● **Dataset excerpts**
·····
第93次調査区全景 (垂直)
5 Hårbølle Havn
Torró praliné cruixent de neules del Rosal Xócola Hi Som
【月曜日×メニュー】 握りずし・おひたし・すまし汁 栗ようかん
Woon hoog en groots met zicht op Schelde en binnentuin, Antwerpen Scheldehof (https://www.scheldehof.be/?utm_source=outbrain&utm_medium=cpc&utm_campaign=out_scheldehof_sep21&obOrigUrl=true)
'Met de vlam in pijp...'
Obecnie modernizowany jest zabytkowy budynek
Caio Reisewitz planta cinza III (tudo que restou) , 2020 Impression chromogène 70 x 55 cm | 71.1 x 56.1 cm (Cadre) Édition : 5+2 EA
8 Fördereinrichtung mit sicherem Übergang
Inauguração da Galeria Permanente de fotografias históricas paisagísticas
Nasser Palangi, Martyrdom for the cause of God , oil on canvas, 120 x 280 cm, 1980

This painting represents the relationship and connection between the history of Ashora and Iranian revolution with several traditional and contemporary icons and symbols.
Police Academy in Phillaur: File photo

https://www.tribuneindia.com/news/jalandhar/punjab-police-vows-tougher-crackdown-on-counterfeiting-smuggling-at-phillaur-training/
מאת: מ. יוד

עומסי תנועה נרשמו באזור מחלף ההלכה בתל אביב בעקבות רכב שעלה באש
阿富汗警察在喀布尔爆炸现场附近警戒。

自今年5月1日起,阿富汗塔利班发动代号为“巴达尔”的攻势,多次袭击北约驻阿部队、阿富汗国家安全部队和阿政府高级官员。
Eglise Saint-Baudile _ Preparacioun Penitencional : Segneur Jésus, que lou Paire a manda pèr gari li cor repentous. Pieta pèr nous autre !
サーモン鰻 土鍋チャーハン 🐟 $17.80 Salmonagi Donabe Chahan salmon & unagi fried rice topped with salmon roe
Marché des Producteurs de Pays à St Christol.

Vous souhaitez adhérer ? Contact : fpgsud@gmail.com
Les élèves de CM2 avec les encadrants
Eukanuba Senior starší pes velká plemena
·····
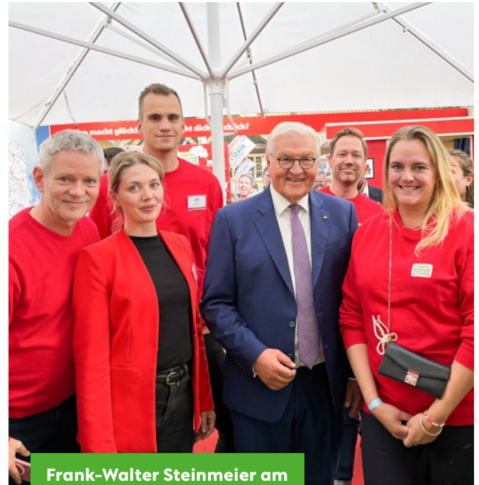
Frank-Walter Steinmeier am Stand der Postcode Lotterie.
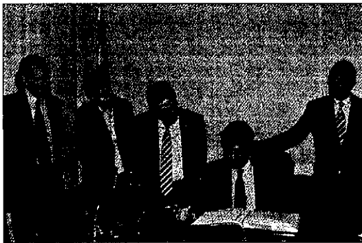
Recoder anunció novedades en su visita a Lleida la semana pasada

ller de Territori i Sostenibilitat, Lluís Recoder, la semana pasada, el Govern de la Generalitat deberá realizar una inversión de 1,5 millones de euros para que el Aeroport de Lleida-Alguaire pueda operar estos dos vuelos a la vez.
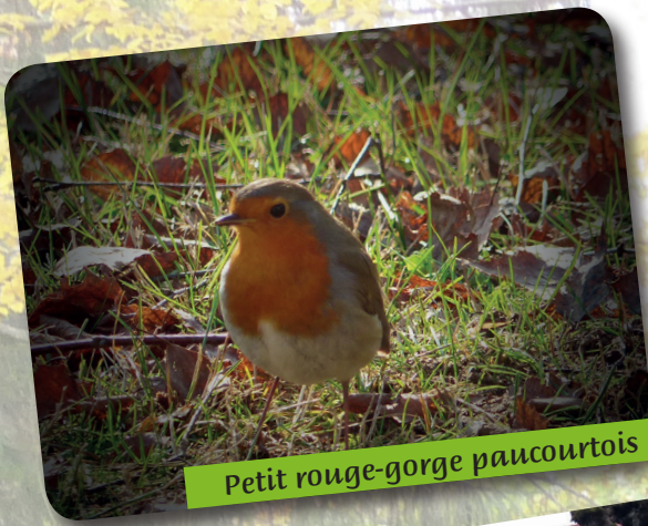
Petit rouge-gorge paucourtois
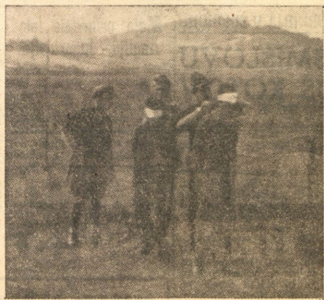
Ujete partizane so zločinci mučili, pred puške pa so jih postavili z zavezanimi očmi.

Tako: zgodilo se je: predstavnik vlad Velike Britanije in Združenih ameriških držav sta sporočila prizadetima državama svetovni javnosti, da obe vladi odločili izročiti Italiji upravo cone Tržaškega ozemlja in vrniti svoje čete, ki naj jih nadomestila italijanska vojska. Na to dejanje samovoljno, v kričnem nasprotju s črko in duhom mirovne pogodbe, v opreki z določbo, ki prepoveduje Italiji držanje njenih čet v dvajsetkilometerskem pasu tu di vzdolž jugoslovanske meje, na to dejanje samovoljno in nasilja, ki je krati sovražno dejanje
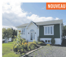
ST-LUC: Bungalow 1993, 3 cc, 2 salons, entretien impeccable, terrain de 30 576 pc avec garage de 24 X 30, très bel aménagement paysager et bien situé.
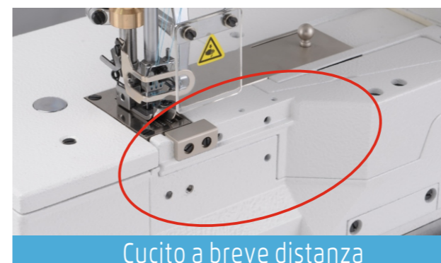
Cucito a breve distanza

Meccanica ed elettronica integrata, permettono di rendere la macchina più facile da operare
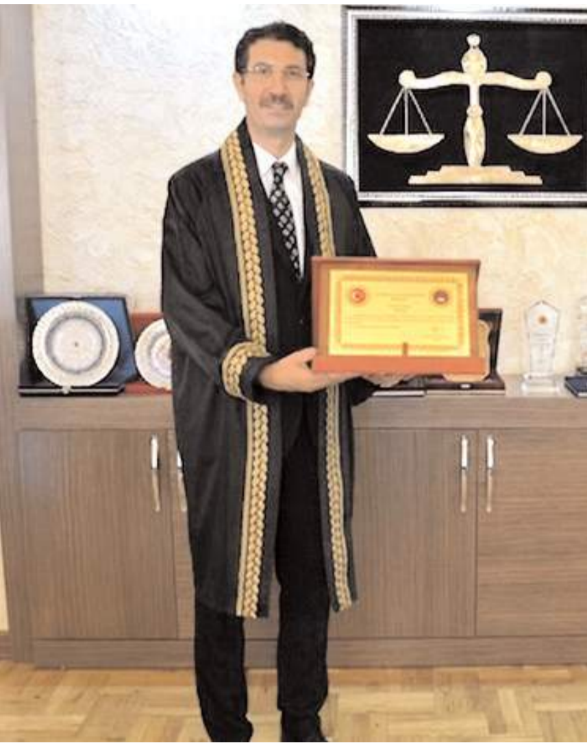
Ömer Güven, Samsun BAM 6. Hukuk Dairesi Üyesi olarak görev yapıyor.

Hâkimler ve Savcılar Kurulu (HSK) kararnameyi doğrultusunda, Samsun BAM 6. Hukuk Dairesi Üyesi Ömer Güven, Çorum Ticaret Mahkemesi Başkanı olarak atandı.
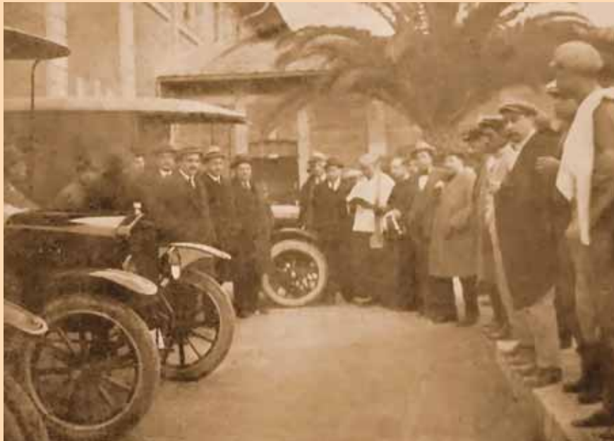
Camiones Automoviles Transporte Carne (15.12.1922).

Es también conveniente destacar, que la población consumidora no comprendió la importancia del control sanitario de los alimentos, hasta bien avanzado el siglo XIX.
·····
● **Exercise goal**
Take the records above and return, word for word, only the lines that fall from the line with "第93次調査区全景 (垂直)" to the line with "Nasser Palangi, Martyrdom", both of them included.

● **Your solution**
第93次調査区全景 (垂直)
5 Hårbølle Havn
Torró praliné cruixent de neules del Rosal Xócola Hi Som
【月曜日×メニュー】 握りずし・おひたし・すまし汁 栗ようかん
Woon hoog en groots met zicht op Schelde en binnentuin, Antwerpen Scheldehof (https://www.scheldehof.be/?utm_source=outbrain&utm_medium=cpc&utm_campaign=out_scheldehof_sep21&obOrigUrl=true)
'Met de vlam in pijp...'
Obecnie modernizowany jest zabytkowy budynek
Caio Reisewitz planta cinza III (tudo que restou) , 2020 Impression chromogène 70 x 55 cm | 71.1 x 56.1 cm (Cadre) Édition : 5+2 EA
8 Fördereinrichtung mit sicherem Übergang
Inauguração da Galeria Permanente de fotografias históricas paisagísticas
Nasser Palangi, Martyrdom for the cause of God , oil on canvas, 120 x 280 cm, 1980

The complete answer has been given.